● **Records from a data source**
--- START ---

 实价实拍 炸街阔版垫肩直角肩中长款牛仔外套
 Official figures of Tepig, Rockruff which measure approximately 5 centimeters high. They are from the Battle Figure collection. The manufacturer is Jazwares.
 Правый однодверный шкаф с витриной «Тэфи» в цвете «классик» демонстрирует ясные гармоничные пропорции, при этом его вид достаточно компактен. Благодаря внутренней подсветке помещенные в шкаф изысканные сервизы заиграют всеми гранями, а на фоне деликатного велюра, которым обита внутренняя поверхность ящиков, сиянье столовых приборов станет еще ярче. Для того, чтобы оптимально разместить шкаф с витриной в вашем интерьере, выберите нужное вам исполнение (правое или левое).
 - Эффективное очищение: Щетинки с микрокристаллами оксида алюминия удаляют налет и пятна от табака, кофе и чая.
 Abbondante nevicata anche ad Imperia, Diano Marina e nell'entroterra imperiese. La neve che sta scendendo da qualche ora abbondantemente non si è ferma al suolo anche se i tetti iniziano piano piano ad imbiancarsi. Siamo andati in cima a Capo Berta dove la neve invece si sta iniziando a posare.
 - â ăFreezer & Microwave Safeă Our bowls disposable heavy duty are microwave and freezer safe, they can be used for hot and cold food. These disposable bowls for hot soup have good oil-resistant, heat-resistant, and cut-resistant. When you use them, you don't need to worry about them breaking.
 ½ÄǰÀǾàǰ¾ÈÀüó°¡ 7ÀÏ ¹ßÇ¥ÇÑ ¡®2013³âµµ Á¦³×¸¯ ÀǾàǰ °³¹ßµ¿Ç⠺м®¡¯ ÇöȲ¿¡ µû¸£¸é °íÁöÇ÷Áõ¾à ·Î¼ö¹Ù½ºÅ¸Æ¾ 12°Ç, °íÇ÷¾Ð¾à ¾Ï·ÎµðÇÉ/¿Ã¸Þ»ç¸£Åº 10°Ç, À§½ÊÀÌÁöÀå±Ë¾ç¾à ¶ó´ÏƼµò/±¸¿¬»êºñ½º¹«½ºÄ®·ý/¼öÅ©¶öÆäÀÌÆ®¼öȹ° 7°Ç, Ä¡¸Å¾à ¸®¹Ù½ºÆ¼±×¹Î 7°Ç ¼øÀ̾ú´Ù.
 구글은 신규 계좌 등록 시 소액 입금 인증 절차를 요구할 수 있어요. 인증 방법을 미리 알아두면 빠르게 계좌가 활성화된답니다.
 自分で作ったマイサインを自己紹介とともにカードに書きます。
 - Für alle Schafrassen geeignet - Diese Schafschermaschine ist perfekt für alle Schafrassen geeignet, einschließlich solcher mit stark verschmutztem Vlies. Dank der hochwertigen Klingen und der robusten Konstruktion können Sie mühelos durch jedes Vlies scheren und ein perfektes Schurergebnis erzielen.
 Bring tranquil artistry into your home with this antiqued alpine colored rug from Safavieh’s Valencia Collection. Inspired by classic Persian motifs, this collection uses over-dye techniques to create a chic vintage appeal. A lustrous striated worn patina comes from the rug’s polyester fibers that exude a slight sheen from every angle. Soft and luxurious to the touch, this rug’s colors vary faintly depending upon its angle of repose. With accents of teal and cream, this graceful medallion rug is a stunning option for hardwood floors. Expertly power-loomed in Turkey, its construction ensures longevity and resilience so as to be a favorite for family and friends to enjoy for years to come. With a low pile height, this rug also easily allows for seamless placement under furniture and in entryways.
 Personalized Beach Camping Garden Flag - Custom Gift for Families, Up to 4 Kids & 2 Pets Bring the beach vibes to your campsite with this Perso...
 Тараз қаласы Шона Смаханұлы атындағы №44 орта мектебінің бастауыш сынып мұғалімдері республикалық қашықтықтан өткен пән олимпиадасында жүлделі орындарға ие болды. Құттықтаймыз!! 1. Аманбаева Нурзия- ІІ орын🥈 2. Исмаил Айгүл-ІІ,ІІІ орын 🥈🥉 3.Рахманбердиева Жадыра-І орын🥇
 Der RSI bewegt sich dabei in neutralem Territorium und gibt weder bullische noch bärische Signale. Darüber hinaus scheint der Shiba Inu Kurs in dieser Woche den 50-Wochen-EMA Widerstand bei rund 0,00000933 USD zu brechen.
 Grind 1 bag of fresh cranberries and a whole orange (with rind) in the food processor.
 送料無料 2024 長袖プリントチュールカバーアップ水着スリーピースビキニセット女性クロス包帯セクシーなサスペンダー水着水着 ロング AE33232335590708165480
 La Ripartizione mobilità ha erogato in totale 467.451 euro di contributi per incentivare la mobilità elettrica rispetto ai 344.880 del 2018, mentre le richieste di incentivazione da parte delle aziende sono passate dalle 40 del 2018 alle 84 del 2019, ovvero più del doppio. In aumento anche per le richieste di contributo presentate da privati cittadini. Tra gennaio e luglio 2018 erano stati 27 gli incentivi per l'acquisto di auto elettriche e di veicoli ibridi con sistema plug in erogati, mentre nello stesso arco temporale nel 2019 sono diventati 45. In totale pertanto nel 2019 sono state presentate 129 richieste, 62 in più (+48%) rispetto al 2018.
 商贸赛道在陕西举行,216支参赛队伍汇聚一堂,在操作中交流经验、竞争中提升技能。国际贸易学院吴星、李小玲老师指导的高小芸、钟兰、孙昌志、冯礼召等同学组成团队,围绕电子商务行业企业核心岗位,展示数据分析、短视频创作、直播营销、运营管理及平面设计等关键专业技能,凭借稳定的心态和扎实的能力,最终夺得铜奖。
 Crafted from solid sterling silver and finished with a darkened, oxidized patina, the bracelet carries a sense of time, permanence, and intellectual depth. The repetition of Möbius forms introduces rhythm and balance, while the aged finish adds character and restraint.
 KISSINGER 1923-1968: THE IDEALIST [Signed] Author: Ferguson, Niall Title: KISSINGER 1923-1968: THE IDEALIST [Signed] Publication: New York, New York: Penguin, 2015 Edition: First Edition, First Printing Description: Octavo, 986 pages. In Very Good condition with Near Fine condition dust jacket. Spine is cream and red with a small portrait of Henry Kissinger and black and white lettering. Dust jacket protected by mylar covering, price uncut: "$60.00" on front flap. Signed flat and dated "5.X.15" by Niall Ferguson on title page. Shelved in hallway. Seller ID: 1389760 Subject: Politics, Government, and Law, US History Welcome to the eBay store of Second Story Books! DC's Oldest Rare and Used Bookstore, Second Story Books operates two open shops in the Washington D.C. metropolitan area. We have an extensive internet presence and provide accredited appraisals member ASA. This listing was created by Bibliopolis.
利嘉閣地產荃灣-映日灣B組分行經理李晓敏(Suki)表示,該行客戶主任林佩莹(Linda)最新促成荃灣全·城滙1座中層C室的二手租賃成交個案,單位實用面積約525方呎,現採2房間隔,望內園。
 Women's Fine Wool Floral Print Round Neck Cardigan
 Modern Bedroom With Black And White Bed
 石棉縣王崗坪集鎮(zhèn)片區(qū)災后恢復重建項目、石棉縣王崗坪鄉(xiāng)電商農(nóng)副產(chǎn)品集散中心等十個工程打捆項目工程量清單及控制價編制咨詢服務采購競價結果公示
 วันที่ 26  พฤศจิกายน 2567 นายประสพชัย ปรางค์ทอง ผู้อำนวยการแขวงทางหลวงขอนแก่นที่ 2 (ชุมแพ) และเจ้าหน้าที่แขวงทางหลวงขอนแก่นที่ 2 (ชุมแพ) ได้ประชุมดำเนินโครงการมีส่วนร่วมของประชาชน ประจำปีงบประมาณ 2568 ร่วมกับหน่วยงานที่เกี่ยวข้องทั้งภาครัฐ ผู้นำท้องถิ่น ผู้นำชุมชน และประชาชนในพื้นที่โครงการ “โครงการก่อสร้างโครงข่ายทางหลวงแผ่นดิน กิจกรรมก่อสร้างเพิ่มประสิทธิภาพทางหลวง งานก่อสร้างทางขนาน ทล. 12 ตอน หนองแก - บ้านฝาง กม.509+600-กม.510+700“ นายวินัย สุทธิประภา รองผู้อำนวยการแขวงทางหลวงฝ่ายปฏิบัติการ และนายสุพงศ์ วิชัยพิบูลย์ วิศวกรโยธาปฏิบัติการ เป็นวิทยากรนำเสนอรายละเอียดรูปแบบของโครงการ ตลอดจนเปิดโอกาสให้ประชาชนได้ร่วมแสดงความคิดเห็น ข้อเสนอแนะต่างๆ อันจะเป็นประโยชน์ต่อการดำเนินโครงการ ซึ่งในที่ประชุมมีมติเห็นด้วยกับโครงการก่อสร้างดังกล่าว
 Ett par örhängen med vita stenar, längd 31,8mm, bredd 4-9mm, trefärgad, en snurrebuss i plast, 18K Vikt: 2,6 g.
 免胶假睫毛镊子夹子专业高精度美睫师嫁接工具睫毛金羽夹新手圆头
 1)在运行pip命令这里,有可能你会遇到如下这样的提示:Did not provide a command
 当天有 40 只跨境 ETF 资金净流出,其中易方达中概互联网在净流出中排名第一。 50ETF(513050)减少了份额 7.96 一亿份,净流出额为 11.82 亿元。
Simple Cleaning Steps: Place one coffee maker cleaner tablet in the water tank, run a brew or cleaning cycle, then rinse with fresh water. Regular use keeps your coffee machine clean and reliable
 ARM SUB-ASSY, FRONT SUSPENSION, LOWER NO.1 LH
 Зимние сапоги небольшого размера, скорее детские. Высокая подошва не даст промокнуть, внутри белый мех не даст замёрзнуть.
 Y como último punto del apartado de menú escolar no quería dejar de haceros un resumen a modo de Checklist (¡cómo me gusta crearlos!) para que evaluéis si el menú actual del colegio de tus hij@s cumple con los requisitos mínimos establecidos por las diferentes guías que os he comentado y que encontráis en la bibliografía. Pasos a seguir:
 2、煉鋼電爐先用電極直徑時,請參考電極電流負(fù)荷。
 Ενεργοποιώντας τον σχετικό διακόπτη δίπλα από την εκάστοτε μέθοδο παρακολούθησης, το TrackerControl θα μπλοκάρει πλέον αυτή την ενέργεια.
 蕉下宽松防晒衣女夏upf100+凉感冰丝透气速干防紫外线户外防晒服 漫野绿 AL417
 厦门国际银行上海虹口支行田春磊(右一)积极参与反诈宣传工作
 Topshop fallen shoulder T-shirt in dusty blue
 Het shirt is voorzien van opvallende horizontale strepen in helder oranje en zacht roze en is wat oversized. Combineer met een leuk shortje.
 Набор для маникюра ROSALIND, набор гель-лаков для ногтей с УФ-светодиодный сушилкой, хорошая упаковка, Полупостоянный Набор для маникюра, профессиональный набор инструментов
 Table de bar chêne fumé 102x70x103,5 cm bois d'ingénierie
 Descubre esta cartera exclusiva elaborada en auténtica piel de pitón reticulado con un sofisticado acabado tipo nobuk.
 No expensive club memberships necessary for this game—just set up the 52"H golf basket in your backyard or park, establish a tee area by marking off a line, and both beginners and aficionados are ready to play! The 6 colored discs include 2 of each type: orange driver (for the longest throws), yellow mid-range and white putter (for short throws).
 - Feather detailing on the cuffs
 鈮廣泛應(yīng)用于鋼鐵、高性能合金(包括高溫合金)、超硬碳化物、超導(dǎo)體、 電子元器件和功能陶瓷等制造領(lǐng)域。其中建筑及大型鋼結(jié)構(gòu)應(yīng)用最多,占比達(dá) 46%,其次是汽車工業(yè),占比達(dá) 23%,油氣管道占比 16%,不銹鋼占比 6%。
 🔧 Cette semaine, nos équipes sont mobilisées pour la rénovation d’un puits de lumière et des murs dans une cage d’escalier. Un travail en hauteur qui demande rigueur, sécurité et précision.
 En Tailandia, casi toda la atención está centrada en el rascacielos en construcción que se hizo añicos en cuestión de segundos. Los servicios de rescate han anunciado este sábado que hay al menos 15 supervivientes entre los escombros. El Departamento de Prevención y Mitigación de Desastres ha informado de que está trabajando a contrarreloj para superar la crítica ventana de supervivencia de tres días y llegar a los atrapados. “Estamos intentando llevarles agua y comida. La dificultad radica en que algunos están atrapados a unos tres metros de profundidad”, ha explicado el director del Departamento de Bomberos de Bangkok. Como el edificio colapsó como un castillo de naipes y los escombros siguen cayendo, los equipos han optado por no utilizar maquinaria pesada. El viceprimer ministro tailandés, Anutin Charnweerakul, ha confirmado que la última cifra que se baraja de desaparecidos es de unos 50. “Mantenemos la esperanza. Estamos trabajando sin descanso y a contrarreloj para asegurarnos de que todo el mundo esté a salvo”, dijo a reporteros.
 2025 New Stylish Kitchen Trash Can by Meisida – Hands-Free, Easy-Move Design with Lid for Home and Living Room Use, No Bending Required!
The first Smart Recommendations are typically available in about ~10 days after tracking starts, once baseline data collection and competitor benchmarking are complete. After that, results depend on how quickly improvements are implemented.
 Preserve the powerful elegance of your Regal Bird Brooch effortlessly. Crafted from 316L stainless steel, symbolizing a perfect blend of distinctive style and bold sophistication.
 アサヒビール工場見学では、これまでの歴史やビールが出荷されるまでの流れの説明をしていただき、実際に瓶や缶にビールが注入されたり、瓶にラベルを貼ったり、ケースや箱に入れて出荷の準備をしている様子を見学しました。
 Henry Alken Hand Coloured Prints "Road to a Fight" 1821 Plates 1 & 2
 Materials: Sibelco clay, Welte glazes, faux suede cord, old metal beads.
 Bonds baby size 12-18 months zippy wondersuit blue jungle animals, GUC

--- END ---

For this exercise, output exactly the lines above from the line with "Women's Fine Wool" to the line with "ARM SUB-ASSY, FRONT", counting both, and leave out the rest.

● **ANSWER TO THIS EXERCISE**
 Women's Fine Wool Floral Print Round Neck Cardigan
 Modern Bedroom With Black And White Bed
 石棉縣王崗坪集鎮(zhèn)片區(qū)災后恢復重建項目、石棉縣王崗坪鄉(xiāng)電商農(nóng)副產(chǎn)品集散中心等十個工程打捆項目工程量清單及控制價編制咨詢服務采購競價結果公示
 วันที่ 26  พฤศจิกายน 2567 นายประสพชัย ปรางค์ทอง ผู้อำนวยการแขวงทางหลวงขอนแก่นที่ 2 (ชุมแพ) และเจ้าหน้าที่แขวงทางหลวงขอนแก่นที่ 2 (ชุมแพ) ได้ประชุมดำเนินโครงการมีส่วนร่วมของประชาชน ประจำปีงบประมาณ 2568 ร่วมกับหน่วยงานที่เกี่ยวข้องทั้งภาครัฐ ผู้นำท้องถิ่น ผู้นำชุมชน และประชาชนในพื้นที่โครงการ “โครงการก่อสร้างโครงข่ายทางหลวงแผ่นดิน กิจกรรมก่อสร้างเพิ่มประสิทธิภาพทางหลวง งานก่อสร้างทางขนาน ทล. 12 ตอน หนองแก - บ้านฝาง กม.509+600-กม.510+700“ นายวินัย สุทธิประภา รองผู้อำนวยการแขวงทางหลวงฝ่ายปฏิบัติการ และนายสุพงศ์ วิชัยพิบูลย์ วิศวกรโยธาปฏิบัติการ เป็นวิทยากรนำเสนอรายละเอียดรูปแบบของโครงการ ตลอดจนเปิดโอกาสให้ประชาชนได้ร่วมแสดงความคิดเห็น ข้อเสนอแนะต่างๆ อันจะเป็นประโยชน์ต่อการดำเนินโครงการ ซึ่งในที่ประชุมมีมติเห็นด้วยกับโครงการก่อสร้างดังกล่าว
 Ett par örhängen med vita stenar, längd 31,8mm, bredd 4-9mm, trefärgad, en snurrebuss i plast, 18K Vikt: 2,6 g.
 免胶假睫毛镊子夹子专业高精度美睫师嫁接工具睫毛金羽夹新手圆头
 1)在运行pip命令这里,有可能你会遇到如下这样的提示:Did not provide a command
 当天有 40 只跨境 ETF 资金净流出,其中易方达中概互联网在净流出中排名第一。 50ETF(513050)减少了份额 7.96 一亿份,净流出额为 11.82 亿元。
Simple Cleaning Steps: Place one coffee maker cleaner tablet in the water tank, run a brew or cleaning cycle, then rinse with fresh water. Regular use keeps your coffee machine clean and reliable
 ARM SUB-ASSY, FRONT SUSPENSION, LOWER NO.1 LH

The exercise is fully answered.